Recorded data
************

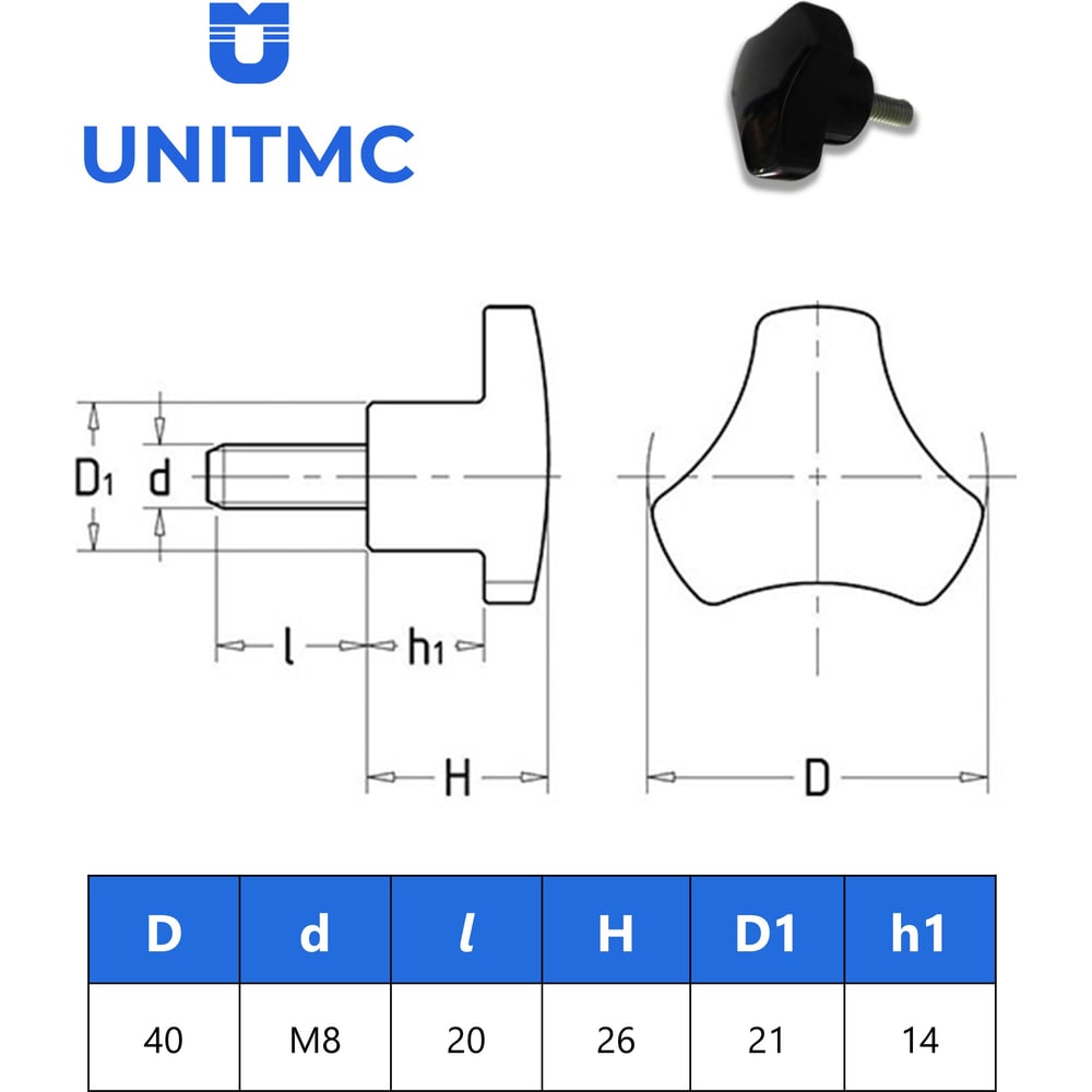 Трехгранная ручка UnitMC 100203.40 М8x20
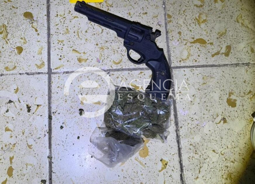 También, en la narco tiendita las autoridades confiscaron una pistola de diábolos, 1 báscula gramera, varias bolsas contiendo gramos de “cristal” y de mariguana.
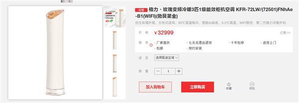 格力官网显示,目前玫瑰空调柜机售价32999元,该空调首创仿生玫瑰风口造型,19朵玫瑰动态浮现,底座支持旋转并自带悬浮光效。
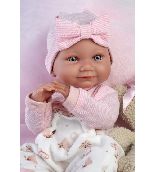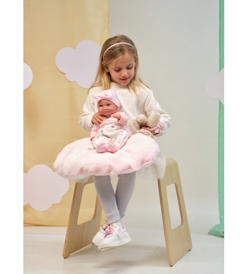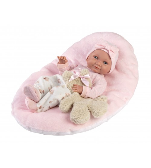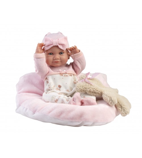 Lelle zīdainis Nica meitene ar spilvenu un mānekli (vinila ķermenis) 40 cm Spānija LL73808
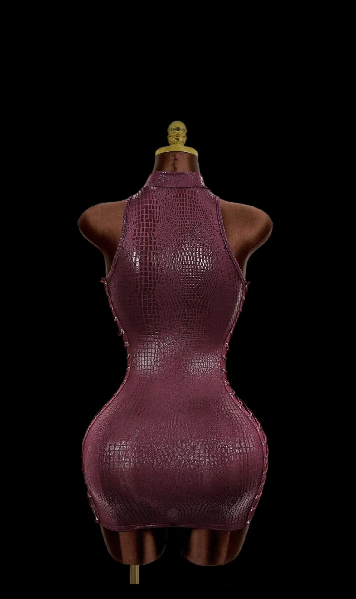 Crafted in a luxe leather-look finish with a high neckline and dramatic lace-up sides, this dress hugs every curve while giving a bold, elevated Silhouette.
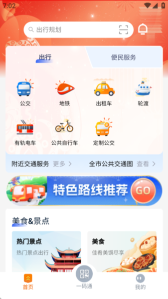 一码通乘:一个二维码即可畅行公交、电车、轮渡等多种交通工具,告别多卡切换的烦恼。
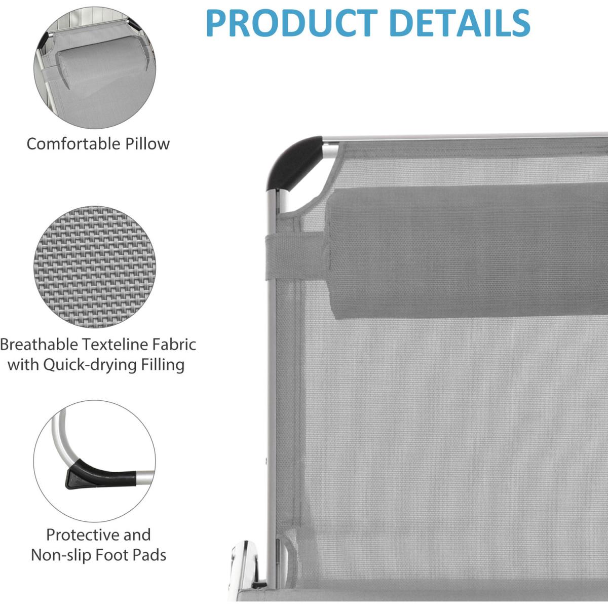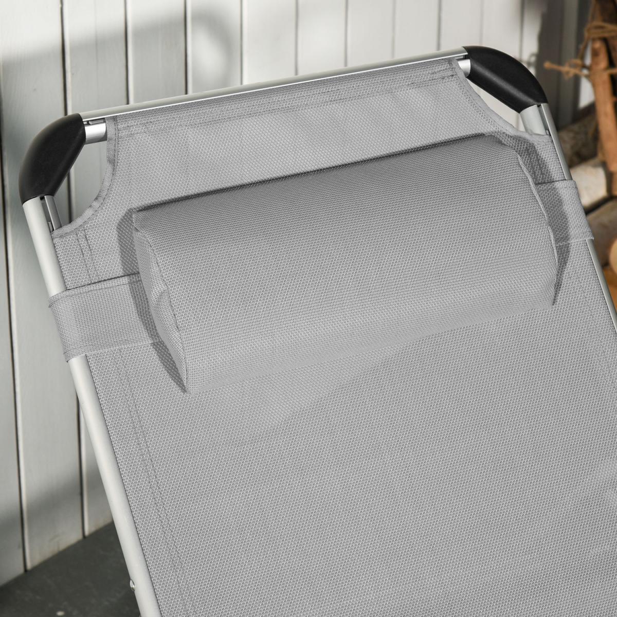 Lounge outdoors the classic way - go for this folding recliner from Outsunny. The frame, made from aluminium, is sturdy and supports up to 120kg, with footpads on each corner so it keeps balanced. The back can be adjusted to four different positions to set to the angle most comfortable when you lie back. There's a texteline fabric seat stretched on the frame to hold your body, with a removable pillow on the top to support your head/neck and keep it comfortable. When not in use, this lounger can be folded into a third of the size, making it easy to carry and a compact size for storage. A perfect piece to put in your car for those weekend beach trips.
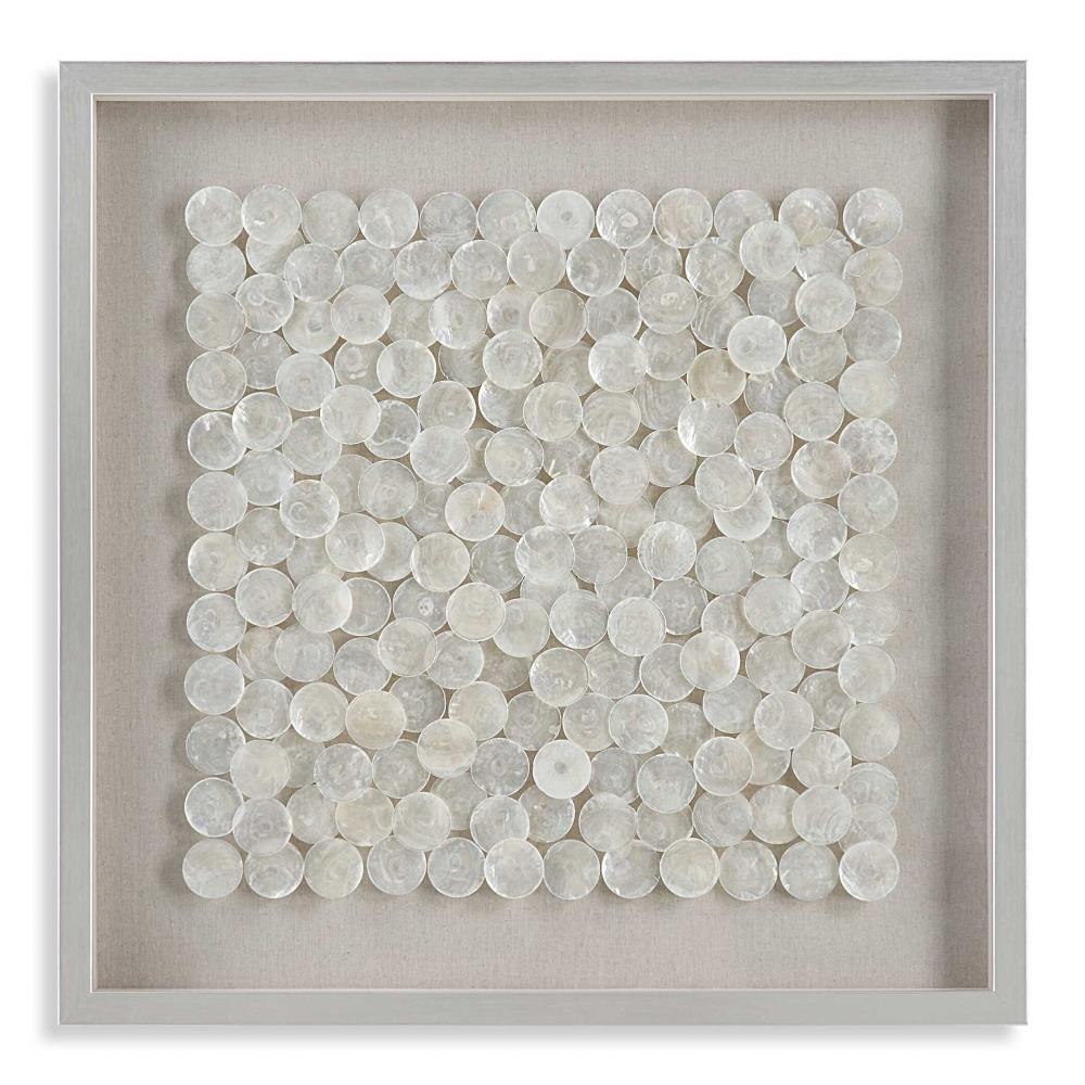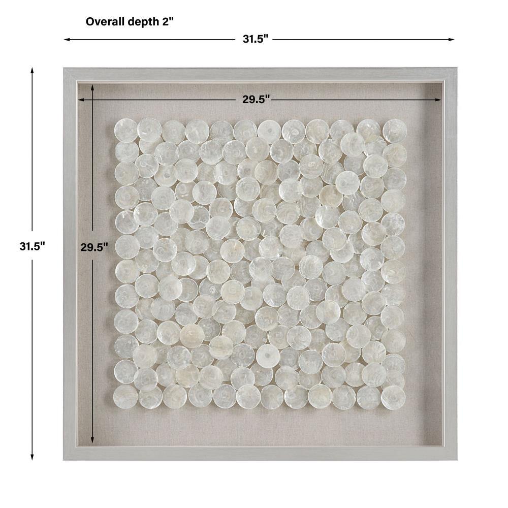 Known As The Windowpane Oyster For It's Transparent Qualities, The Natural Layered Capiz Shells Shimmer In This Shadow Box Style Wall Piece. Placed Over A Flax Toned Linen Backing In A Pine Wood Frame Finished In Brushed Silver.

************

Pictures are to be left out; the lines from the start of the records above through the line holding "一码通乘:一个二维码即可畅行" are to be returned exactly.

§ **TASK OUTPUT**
 Трехгранная ручка UnitMC 100203.40 М8x20
 También, en la narco tiendita las autoridades confiscaron una pistola de diábolos, 1 báscula gramera, varias bolsas contiendo gramos de “cristal” y de mariguana.
 格力官网显示,目前玫瑰空调柜机售价32999元,该空调首创仿生玫瑰风口造型,19朵玫瑰动态浮现,底座支持旋转并自带悬浮光效。
 Lelle zīdainis Nica meitene ar spilvenu un mānekli (vinila ķermenis) 40 cm Spānija LL73808
 Crafted in a luxe leather-look finish with a high neckline and dramatic lace-up sides, this dress hugs every curve while giving a bold, elevated Silhouette.
 一码通乘:一个二维码即可畅行公交、电车、轮渡等多种交通工具,告别多卡切换的烦恼。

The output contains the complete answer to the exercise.